A photograph showing the "memorabilia, momentoes and medals" of the lieutenant appears on the cover and also on page 62 of A Soldier in the Family - a source book for Australian Military Genealogy from the first Fleet to the Gulf War. Nothing further is said of him, but in the photo can be seen two copies of a Journal for use of Junior Officers Afloat; a white ensign bearing the Union Jack in the top left corner of what appears to be the flag of St George; a framed certificate from George the Sixth (which bears the kingís signature and the lieutenantís name); another certificate which mentions "The Lords Commissioners ... by the KINGíS ... as mentioned in despatches ... (It seems from this certificate that the lieutenantís first name may have been William); a third certificate which states: "The Secretary of the Admiralty presents his compliments and by Command of the Lords Commissioners of the Admiralty has the honour to ... the enclosed Awards for service in the war of 1939-45. The Lords Commissioners share your sorrow that ... (illegible hand-written name) ... in respect of whose service these Awards are given did not live to receive them." A framed photograph (from ship board?) is included among the certificates.

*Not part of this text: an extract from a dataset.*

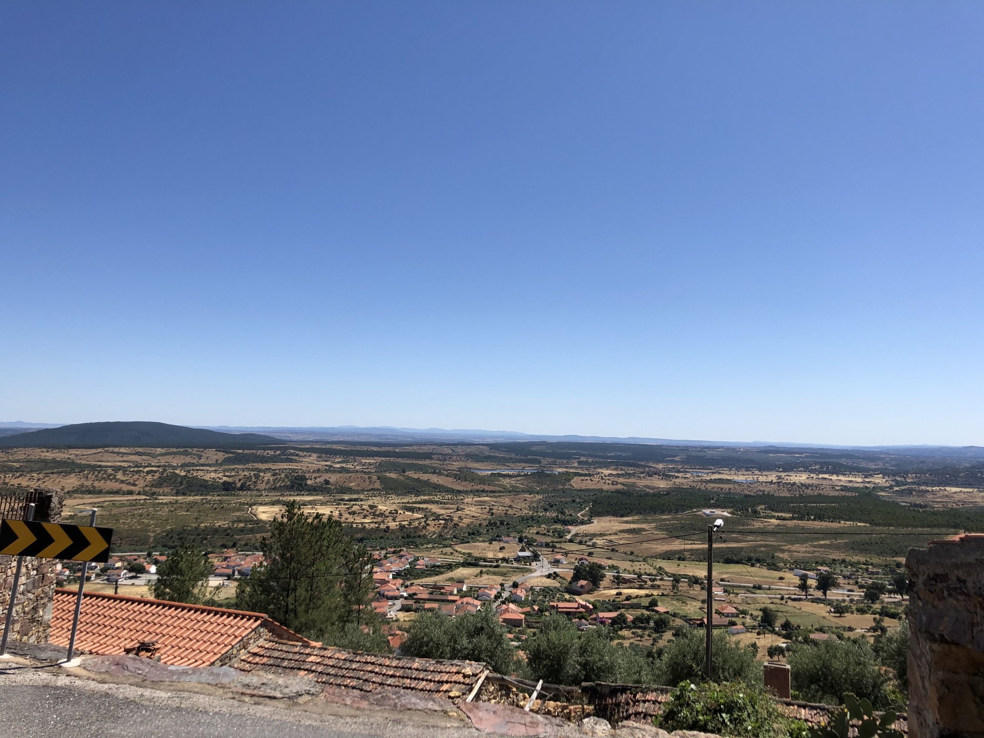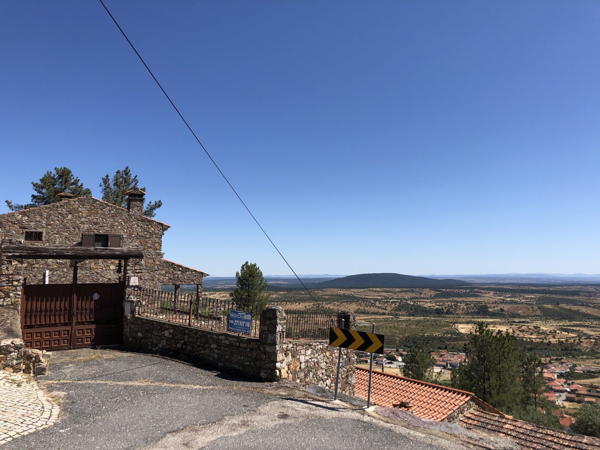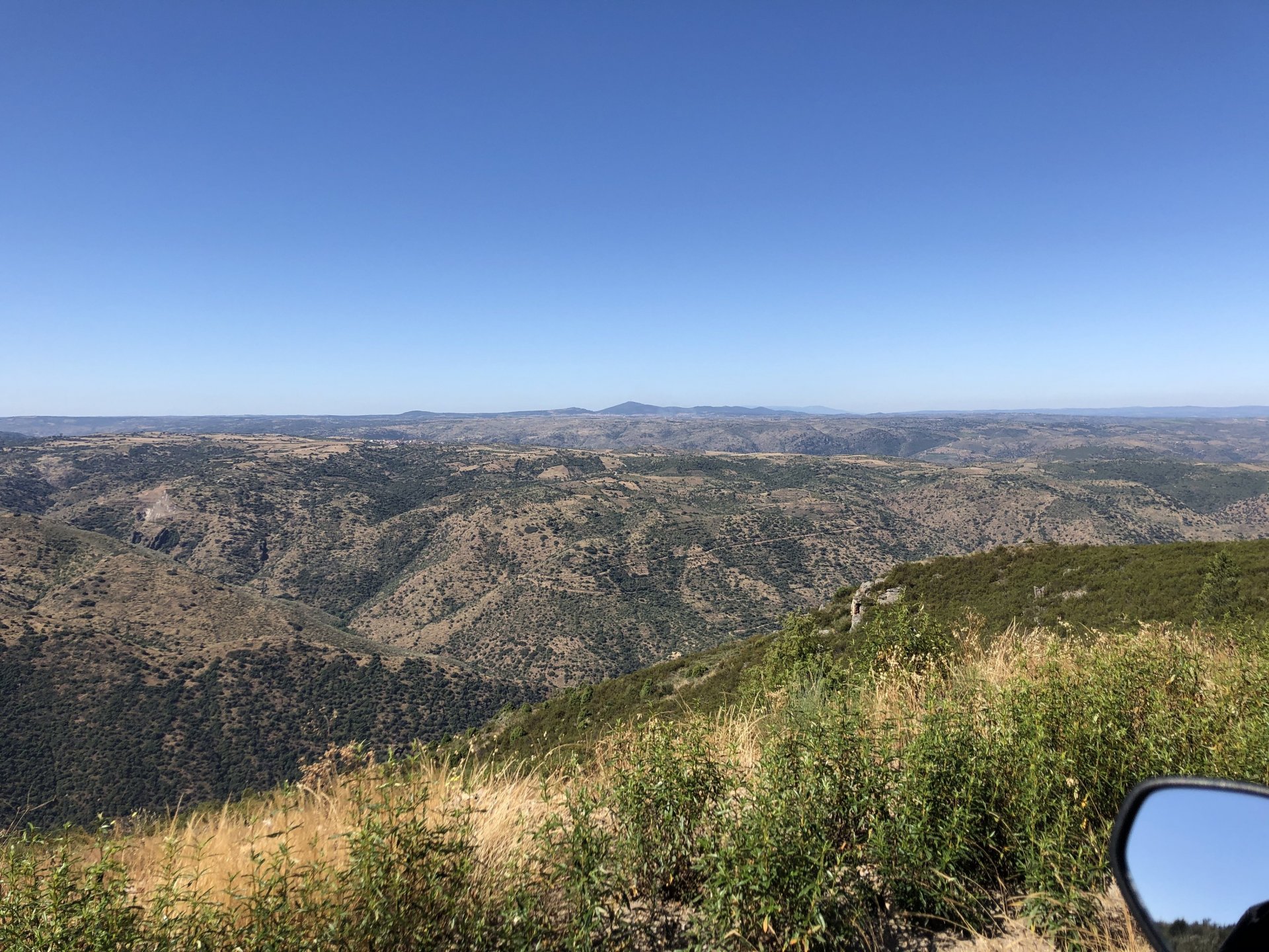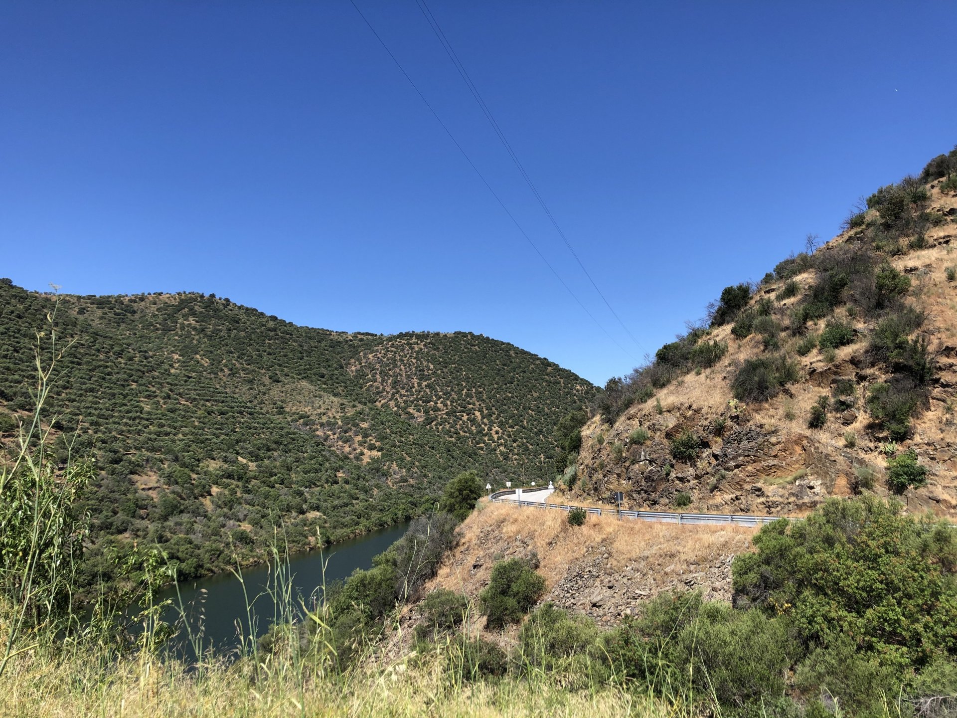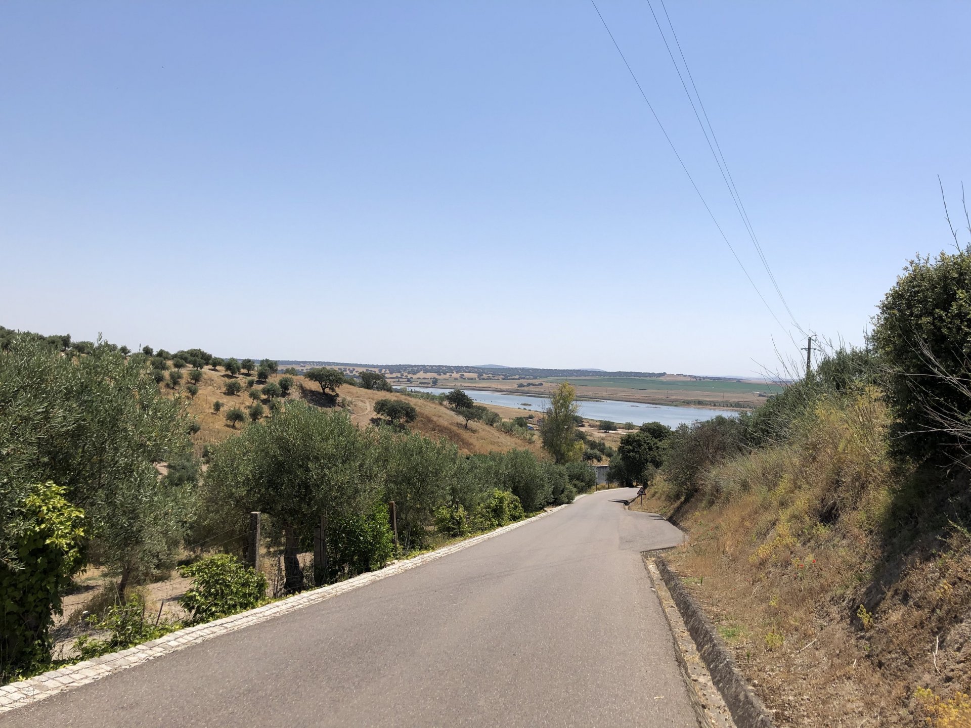 So, yesterday started well, not very warm by the time I left the hotel at around 9am, made my way to find some petrol as the bike was on reserve and in this part of the country you can ride for a while without fuel in rural areas, I mean 40km, not really such a drama. The big GS is quite frugal if you avoid motorways, and by the time I fueled up I had 600km on that tank with 50km range left. Landscape is changing now With a full tank I explore a little, there is no rush in going fast south, but I seem only be able to find dead ends, like this The grass is a little too tall for my liking, it's now getting a little hot and windy so I decide to go back to tarmac roads. A hot catalytic converter and tall dry grass is a great way to start a wildfire, and there has been enough of that over the last years. The road is good, though, I try to stick to small ones: See that on the other side of the river? That's Spain It's steeper than it looks My favourite road so far, as far as fun handling a motorcycle, it's barely wide enough for one van, and rolling and weaving through hills, with patches of dirt thrown in to keep it interesting: It was now getting hot, at around 11:30 it was over 37º, still I couldn't resist this dirt road: It only lasted for a few km, not even 15 I think. By now I am getting hot and hungry, so decide to find a small place for lunch. I stop at the first cafe that has shade outside, sit down and do a few calls and emails while I wait for my ham sandwich. Some water and a cold small beer go down a treat. Old lady in the cafe put some butter on the sandwich, "because I think this is your lunch, and you should have a proper lunch" Street scene, after these two dudes sat together having a drink inside, they proceeded to have a conversation outside while maintaining their social distancing , there's so much rural portugal in this picture ... Old lady over there in the shade with her cane is wearing full black, and it's 37º, she's got the cane ready for when the cat comes to shit on her flowers Back on the road, and a few kms later I stop to check my itinerary and a mini castle. Most common big birds now are storks: Pretty proud of myself taking this picture, and I go and put my thumb in it Half an hour later, the roads are ok but the heat is barely manageable. I stop at a fountain and wash my head to cool down. Last stop before getting to the hotel is Marvão and it's castle. It's very high up and worth it for the views alone. There it is in the distance: Make it to the hotel, and quickly make my way to the pool, to finish the day. I drank almost 1,5 liters of water just sitting there, plus a couple of beers, before starting to feel less thirsty. Sofia joined me for dinner, I had some greats cuttlefish and clams cooked in garlic and olive oil, it was amazing. Too much wine was had.

The book was written and apparently published by Allan Box of Monash University, Gippsland Campus, First Edition, 1994. Credit for the illustration described is given to Glendinings of London.

Joe Lucy was a British boxing champion in about 1949 - according to Seamus McGettigan of Celtic Irish Products, Melbourne (no longer operating) in a conversation with the present writer on 14th April, 1992.

The Illustrated History of Boxing described Joe Lucy as a "methodical south-paw," but said no more than that.

Terence Lucey (1934- ) is the author of:

Investment Appraisal : Evaluating risk and uncertainty published by The Institute of Cost and Work Accountants, London, 1971.

Management Information Systems, published by DP Publications, Eastleigh, Hampshire, 1987 (5th Edition)

Jack A. Lucy author of The Plasma Membrane, O.U.P. London, 1975, (Oxford Biology Readers) and 2nd edition revised, 1978, Scientific Publications Division, Carolina Biological Supply Co., Burlington, North Carolina.

John F. Lucy author of There's a Devil in the Drum, published by Faber and Faber, London, 1938. Described under the various headings of Great Britain, Army, Biography, Soldiers, personal narratives, World War 1914-1918, Western campaigns. It was reviewed in the Times Literary Supplement of 2 April, 1938.

Mary P. Lucy editor of Duke Humphrey : a sidelight on Lancastrian England, by J. Davis. Published at Ilfracombe by Stockwell, 1973. An account of Humphrey, Duke of Gloucester (1391-1447).